Where the entries below show "needs preschool students.", begin there and print that line and all following lines exactly, through the last, omitting pictures.
╭─ Extracted data
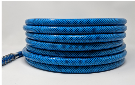
Figure 2: Composite water garden hose with reinforcing mesh.

A popular current design consists of a polymer lining inside an elastomer tube, containing helically wound and nearly inextensible filaments with opposite helicity. A typical garden hose [3] with such structure is shown in Fig. 2.
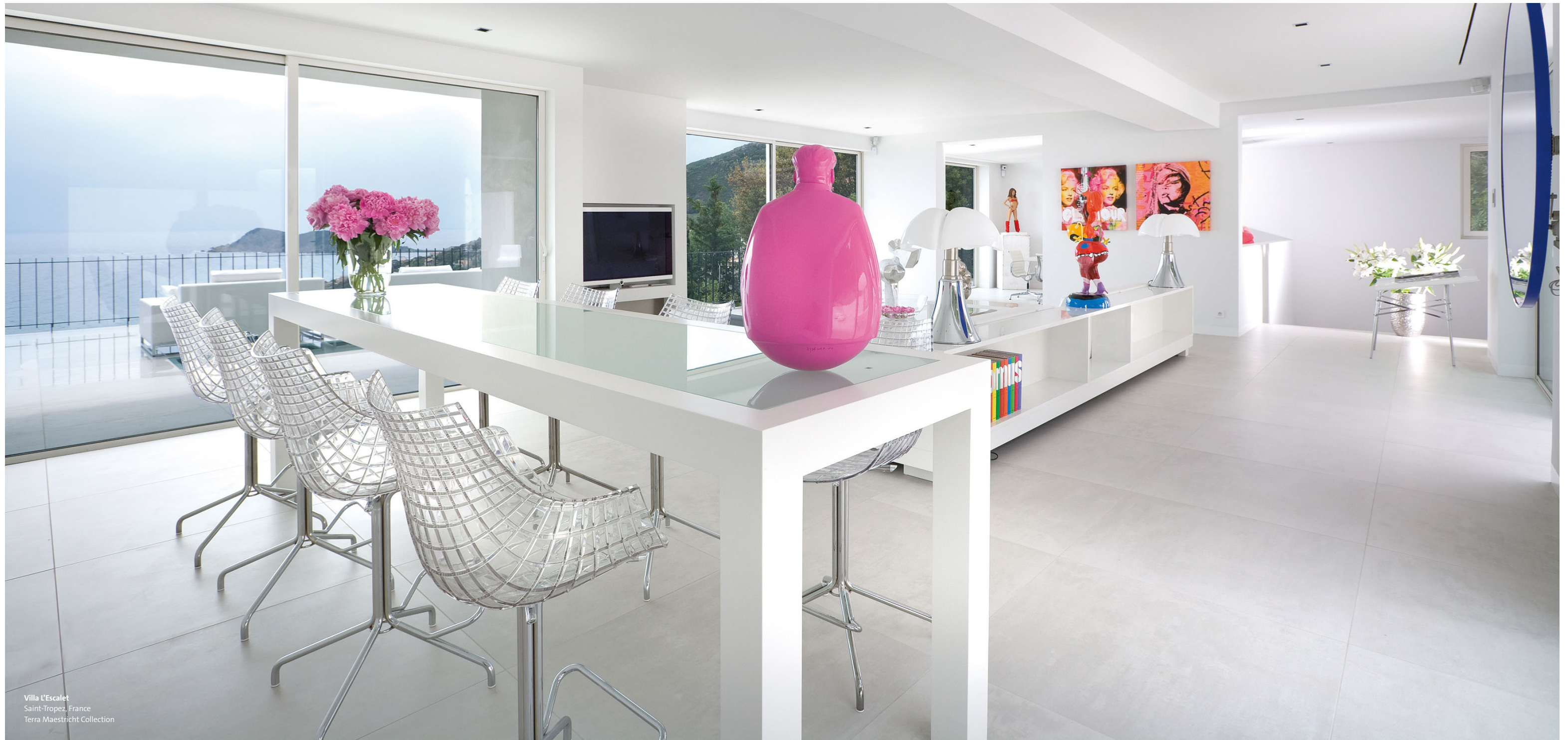
Villa L'Escalet Saint-Tropez, France Terra Maestricht Collection
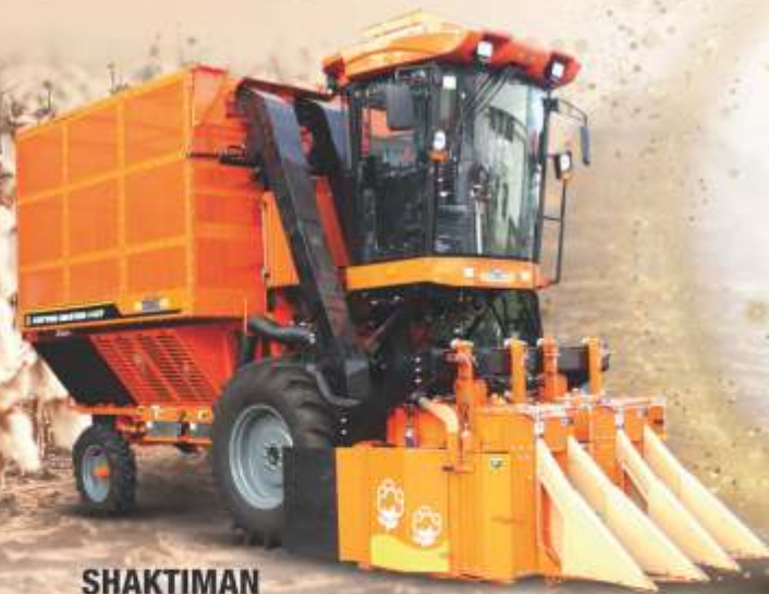
SHAKTIMAN COTTON MASTER - 1437
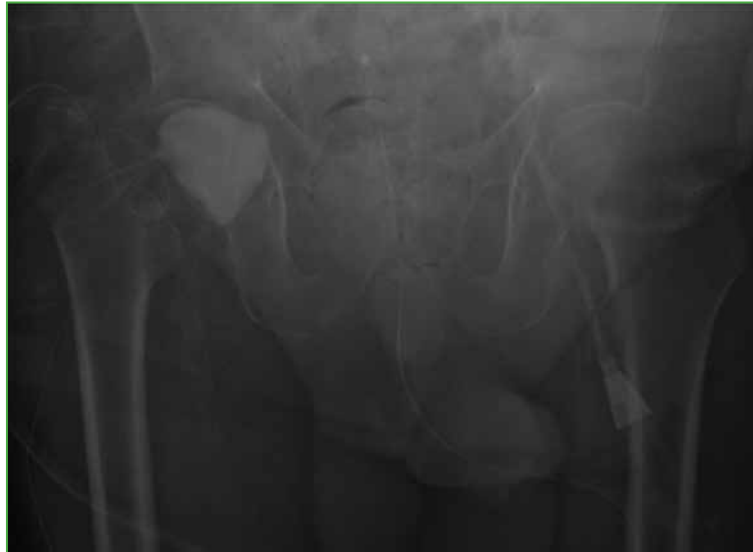
Figure 6. Anteroposterior radiograph of both hips after second surgical debridement associated with Girdlestone procedure and construction of antibiotic-impregnated cement spacer.

Seven days after surgery, a new debridement and Girdlestone procedure were performed, and the osteosynthesis material was removed (Figure 6). The acetabular articular cartilage was resected and a cement spacer with 2 g vancomycin and meropenem was made, according to antimicrobial susceptibility. Currently, the patient's general condition is improving, he is extubated and progressively decreasing his need for inotropic support.
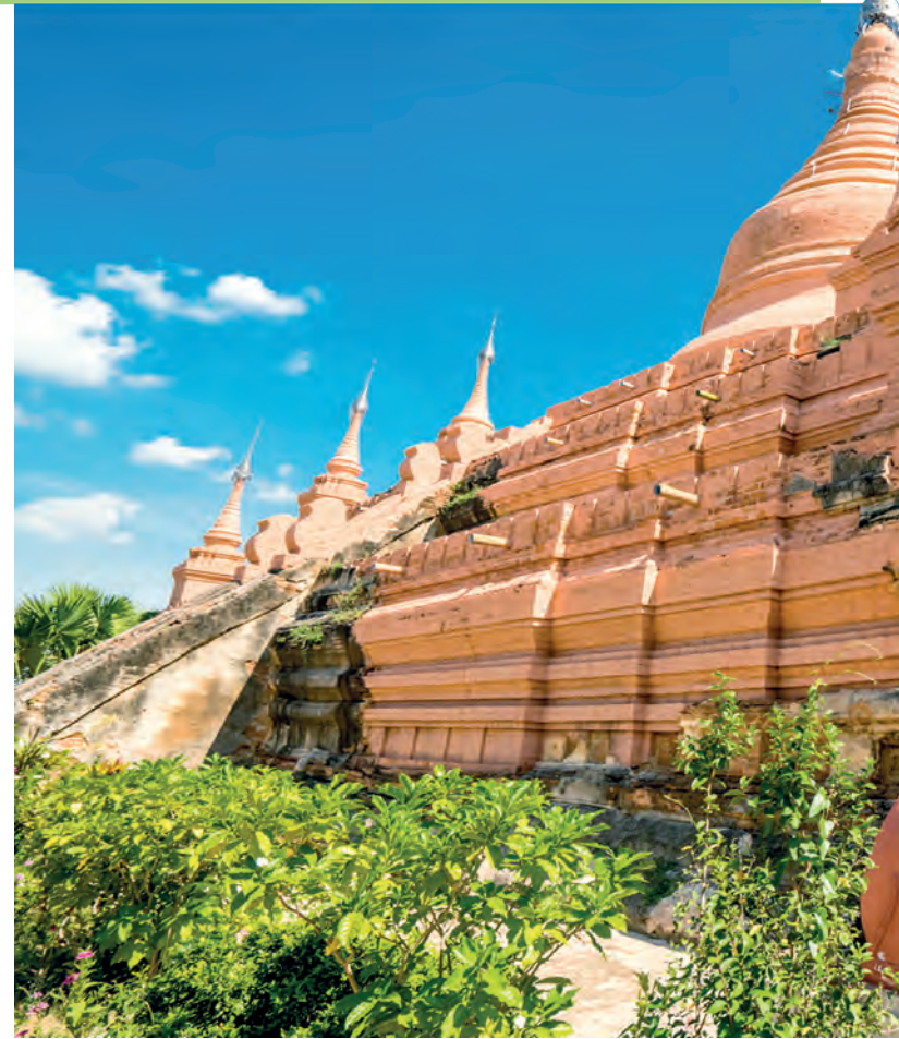
Pinya Aungsikhon Pagoda.

The main aim on my trip to Pinya was to visit three great caves located in west of TadaU-Kyaukse road but these caves meant caves for Buddha images. Anyone does not exactly know who built these caves but locals said the southern cave was built by King Thihathu. Works of images were in mostly similar to those of Ba-
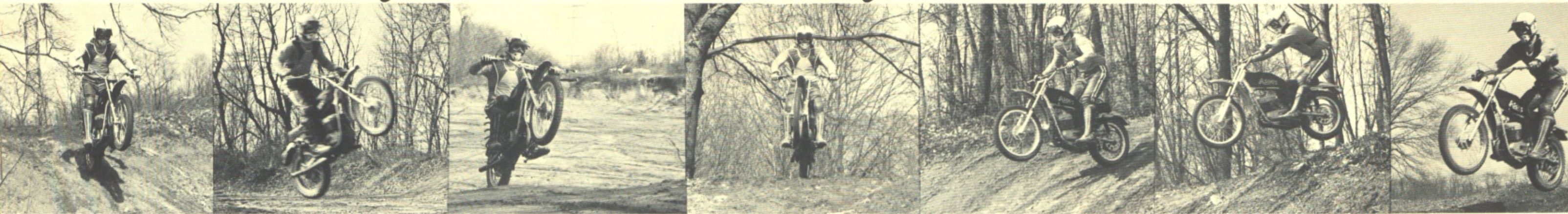
As-pes (as' peas) n. Championship 125 cc motorcycle. Born on the Continent, educated in the woods. Speaks "winning" fluently.

If you're thinking about a 125 cc Championship this year, better order your Aspes now!
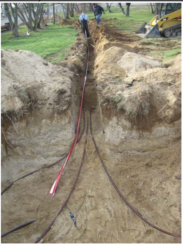
Gray Electric installing supply lines and caution tape.
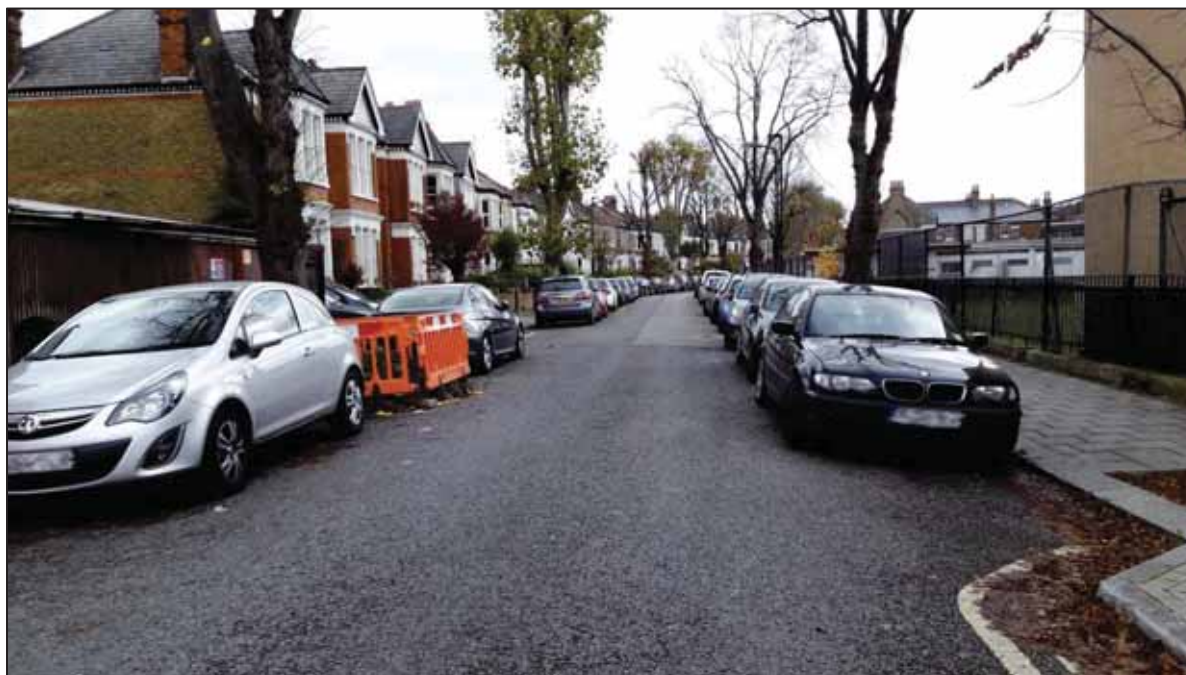
Figure 23. Harbrough Road

Harbrough Road is a two way through road approximately 310 metres in length. The road is a predominantly residential road consisting of mostly terraced housing, however Sunnyhill School and Children's Centre is at the southern end of the road, at the junction with Sunnyhill Road.
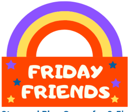
Stay and Play Group for 0-5's

www.warwickschool.org/summer-action-2019
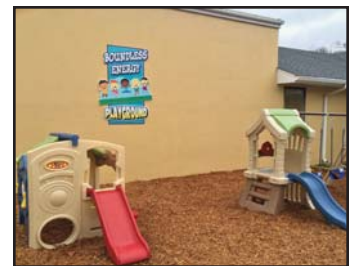
The new TOTS Boundless Energy playground at the G.W. Carver Center in Frankford.

• On Jan. 19, the district's Transitioning Our Toddlers to School (TOTS) program held a special dedication ceremony for its new Boundless Energy Playground at the G.W. Carver Center in Frankford. The new playground was funded through a generous $5,000 grant from the Carl M. Freeman FACES Foundation. The playground was installed in December and serves about 60 special needs preschool students.
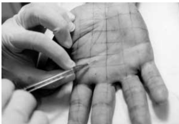
FIG. 1. — Palmar intradermal injection of Btx-A

humidity (70%) were held constant. All patients were questioned for their subjective impressions of sweat reduction and satisfaction prior to and monthly after the treatment. For sweat reduction a scale with 10% intervals (from 0% to 100%) was included in the questionnaire. Treatment satisfaction was rated as no, mild, moderate or total.
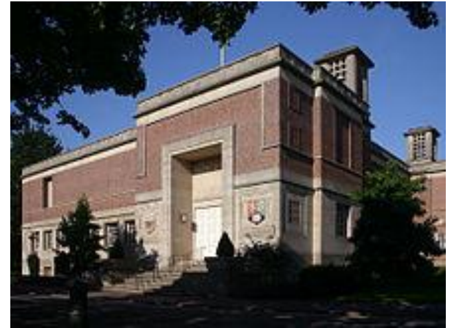
Barber Institute of Fine Arts
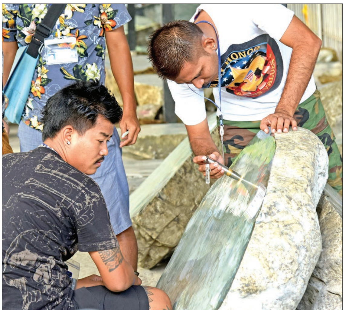
Jade merchants evaluate quality of jade stones at the Myanma Gems Emporium in Nay Pyi Taw.
╰─
:: Result below ::
• On Jan. 19, the district's Transitioning Our Toddlers to School (TOTS) program held a special dedication ceremony for its new Boundless Energy Playground at the G.W. Carver Center in Frankford. The new playground was funded through a generous $5,000 grant from the Carl M. Freeman FACES Foundation. The playground was installed in December and serves about 60 special needs preschool students.
FIG. 1. — Palmar intradermal injection of Btx-A

humidity (70%) were held constant. All patients were questioned for their subjective impressions of sweat reduction and satisfaction prior to and monthly after the treatment. For sweat reduction a scale with 10% intervals (from 0% to 100%) was included in the questionnaire. Treatment satisfaction was rated as no, mild, moderate or total.
Barber Institute of Fine Arts
Jade merchants evaluate quality of jade stones at the Myanma Gems Emporium in Nay Pyi Taw.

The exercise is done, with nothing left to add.